• About this task: Output the first line below and each one after it, exactly, up to and including the line holding "Dolce & Gabbana". Pictures should not be copied.

• Supplied information:
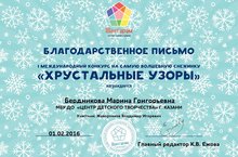 Поздравляем педагога дополнительного образования Бердникову М.Г., получившую благодарственное письмо за подготовку победителя в I Международном конкурсе на самую волшебную снежинку «Хрустальные узоры»
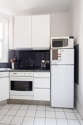 Este apartamento tem uma bonita cozinha com azuleijo no piso e todo o equipamento pela sua vida quotidiana : fogaõ, frigorífico, congelador, forno, microondas, torradeira, chaleira, máquina de café, prateleira, armário, loiça.
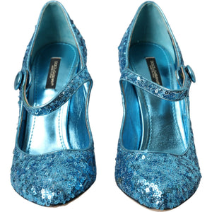 Dolce & Gabbana Blue Sequin Mary Jane Pumps High Heels Shoes
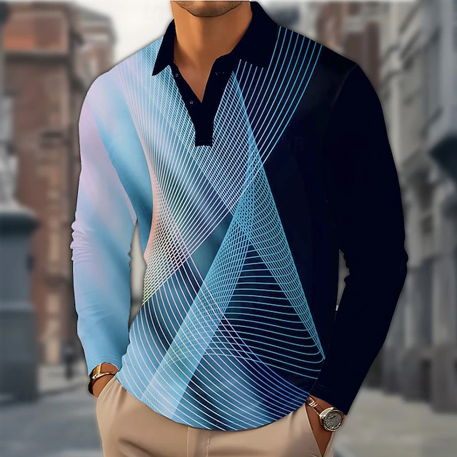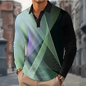 More information about Men's Geometric Line Polo Long Sleeve Polo Shirts Lapel Casual Outdoor Street Athleisure Daily Wear 3D Print Buttons Spring Fall Winter Blue Purple Green

• Answer box:
 Поздравляем педагога дополнительного образования Бердникову М.Г., получившую благодарственное письмо за подготовку победителя в I Международном конкурсе на самую волшебную снежинку «Хрустальные узоры»
 Este apartamento tem uma bonita cozinha com azuleijo no piso e todo o equipamento pela sua vida quotidiana : fogaõ, frigorífico, congelador, forno, microondas, torradeira, chaleira, máquina de café, prateleira, armário, loiça.
 Dolce & Gabbana Blue Sequin Mary Jane Pumps High Heels Shoes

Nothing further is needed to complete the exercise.